— История так себе, — сказал я. — Такое случается каждый день. Настоящая история — это то, что произошло позже. Настоящая история — это как вы молчали, когда вашу дочь убили за то, что она знала, чем и как вас шантажируют. История стала еще лучше, когда вы по-прежнему ничего не сказали на то, что посреди улицы был убит Игнатиус Олтигбе. Ваше молчание стоило жизни вашей жене и ее занятному приживалу, который отправился за своей хозяйкой. Но самая захватывающая часть истории — это как мисс Мизелль умудрялась продолжать шантажировать вас, находясь здесь, да еще после всего что случилось? Мне просто интересно, сенатор! Каково это — жить в одной квартире с собственным шантажистом?
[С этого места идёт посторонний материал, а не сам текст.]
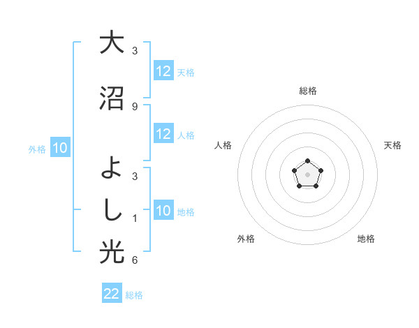 大沼 よし光さんの総格は22画の1点!
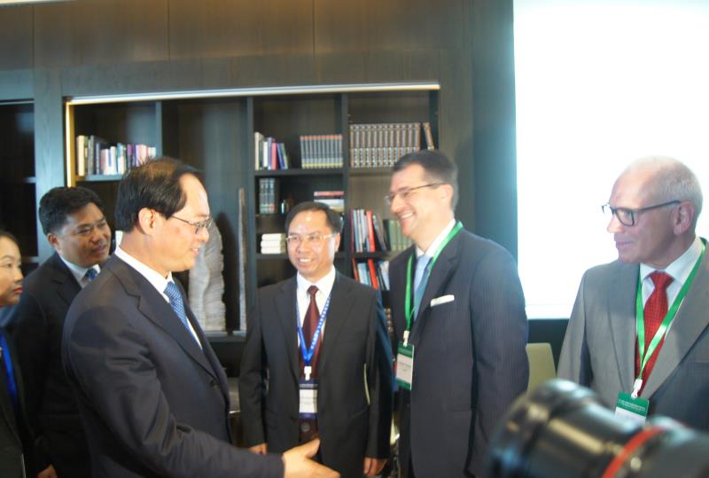 论坛开始前,车俊会见了中德双方与会代表,并与赵东福、菲尔史先生、我校中德合作委员会副主任基尔教授等亲切交谈。
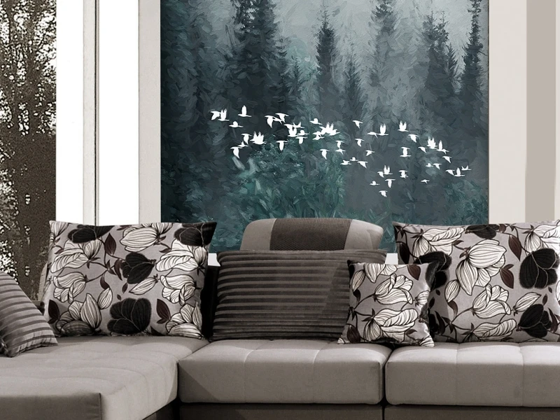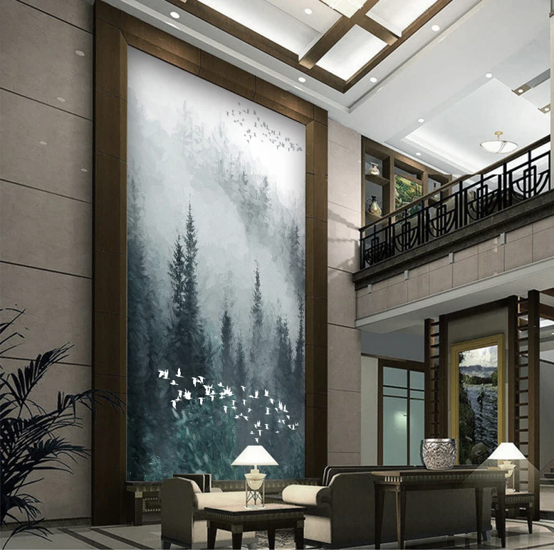 Скандинавский скандинавский Туманный лес пейзаж птицы настенное Искусство Холст постер печать масляная живопись Настенная картина для гостиной 2-35

Эймс поднял взгляд на Коннни Мизелль.
— Я люблю ее, — сказал он. — Вот таково, мистер Лукас.
Она улыбнулась Эймсу и затем перевела эту улыбку на Синкфилда.
— Вы берете сенатора под арест, лейтенант?
— Совершенно верно, — сказал Синкфилд. — Я беру его под арест.
— Что ж вы тогда не рассказываете ему о его правах? Разве вам не положено это сделать — рассказать арестованному о его правах?
— Он знает свои права. Вы ведь знаете свои права, не правда ли, сенатор?
— У меня есть право хранить молчание, — сказал Эймс. — У меня есть право… — Он посмотрел на Синкфилда и вздохнул. — Да, я знаю свои права.
— Мне потребуется еще немного времени, — сказал Синкфилд. — Вы, по-моему, так еще и не поняли всего.
Он кивнул на Конни Мизелль.
— Она замешана в этом вместе с Дейном. Она осуществляла давление на вас, а он совершал убийства. Сначала вашу дочь, потом ее приятеля-любовника, затем вашу жену и этого парня Джоунса. Дейн убил их всех. Вы изменили свое завещание, сделав ее своей единственной наследницей. Как ей удалось заставить вас это сделать?
Сенатор покачал головой.
— Вы ошибаетесь. Изменить завещание — это была моя идея.
— А то как же! — сказал Синкфилд. — И даже, чем черт не шутит, вы, может быть, оставались бы живым еще месяц, а то и год или два. Когда на кону двадцать миллионов долларов, спешить незачем. Можно позволить себе быть терпеливым.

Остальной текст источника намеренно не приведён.